Cloudflare Publish Audit

Last reviewed: 2026-04-18 (LAPTOP-KAI)

Investigation of how /signal-crawl pushes newsletters to debrief.pentz.io. Context: before rotating the Cloudflare API token, confirm which publish path is actually in use, whether auxiliary paths still work, and whether KV state matches the Postgres digests table. Account and namespace identifiers are redacted to trailing 4 characters below; full values live in ~/signal-feed.env on the laptop and in /opt/signal-feed/.env on Advin.

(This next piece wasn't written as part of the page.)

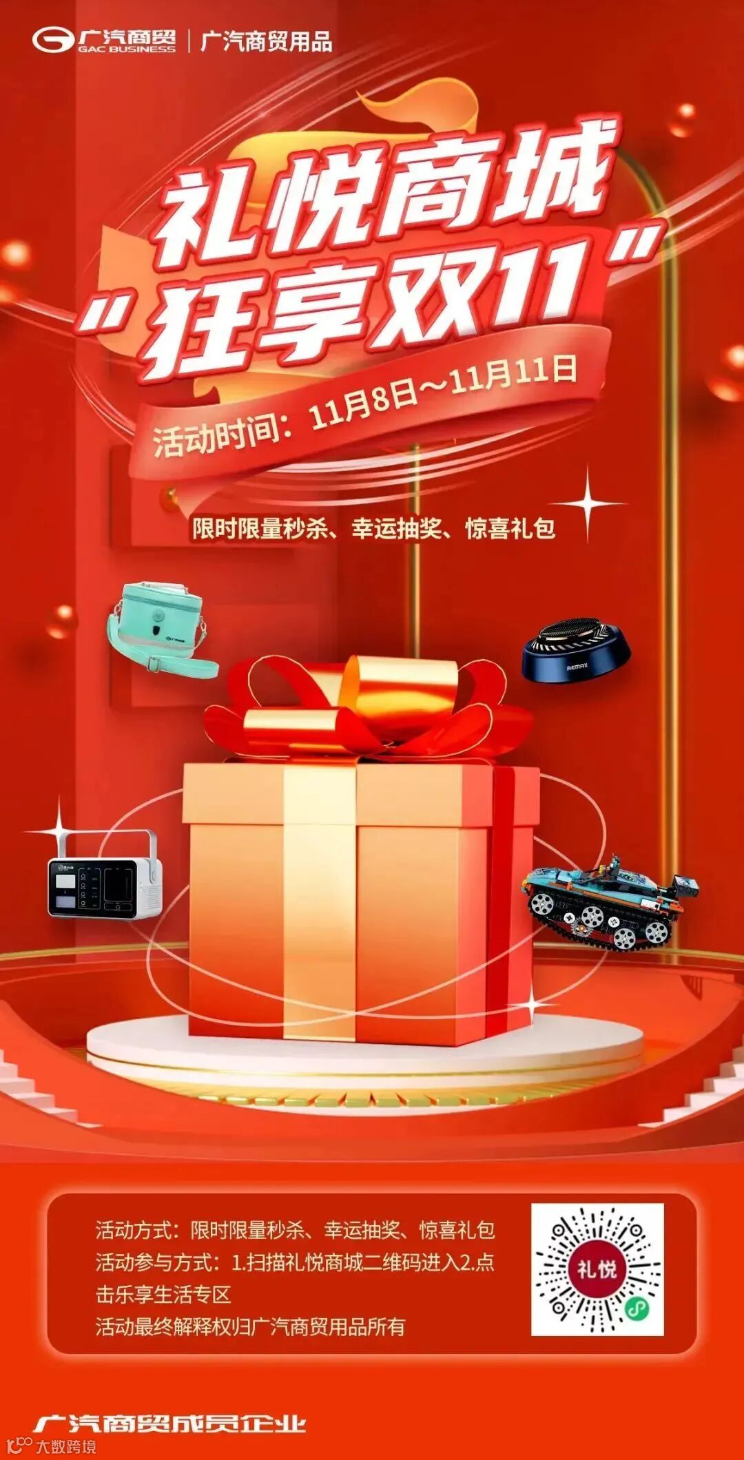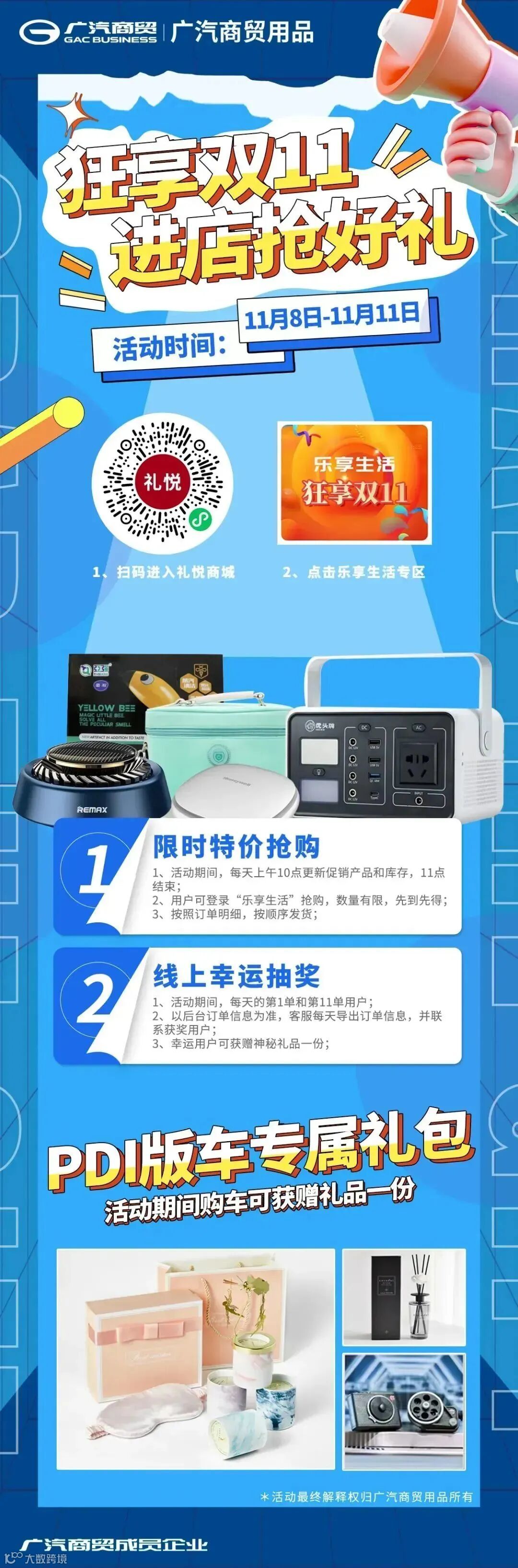 为更好赋能广汽商贸销售店、促进PDI版车销售,广汽商贸用品利用双11契机,联动广州区域商贸本田店推出“惊喜购车”方案,凡在广州区域商贸本田店购买PDI版车的用户,通过扫描二维码均可参与礼悦商城“狂享双11”活动,通过活动参与获得三大惊喜:

Publish path actually in use

Direct Cloudflare REST API via curl. Endpoint pattern:

PUT https://api.cloudflare.com/client/v4/accounts/{acct:…ab47}/storage/kv/namespaces/{ns:…c095}/values/{key}
Authorization: Bearer $CF_API_TOKEN

Three keys are written per run: edition:<ISO_TS>, editions (JSON array, newest-first), latest (plain text pointer). The wrangler alternative documented in the skill is not used. On LAPTOP-KAI there is no ~/.wrangler/, no signal-feed/worker/ subdir in the repo, and no local wrangler install. CF_API_TOKEN is the only credential in play and is sourced from ~/signal-feed.env via ~/.bashrc. CLOUDFLARE_API_TOKEN (wrangler’s preferred env var) is unset and irrelevant on this host.

publish.py is dead code

src/signal_feed/publish.py is 45 lines. It targets the Cloudflare Pages Direct Upload endpoint (/accounts/{acct}/pages/projects/{proj}/deployments), not Workers KV. Exports one function, publish_to_cloudflare(), which has zero callers in the repo. generate.py does not import it. The sf-generate console script (pyproject.tomlsignal_feed.generate:main) does not reach it. The file contains no references to CF_KV_NAMESPACE_ID despite earlier speculation; that env var is unused anywhere in the repo.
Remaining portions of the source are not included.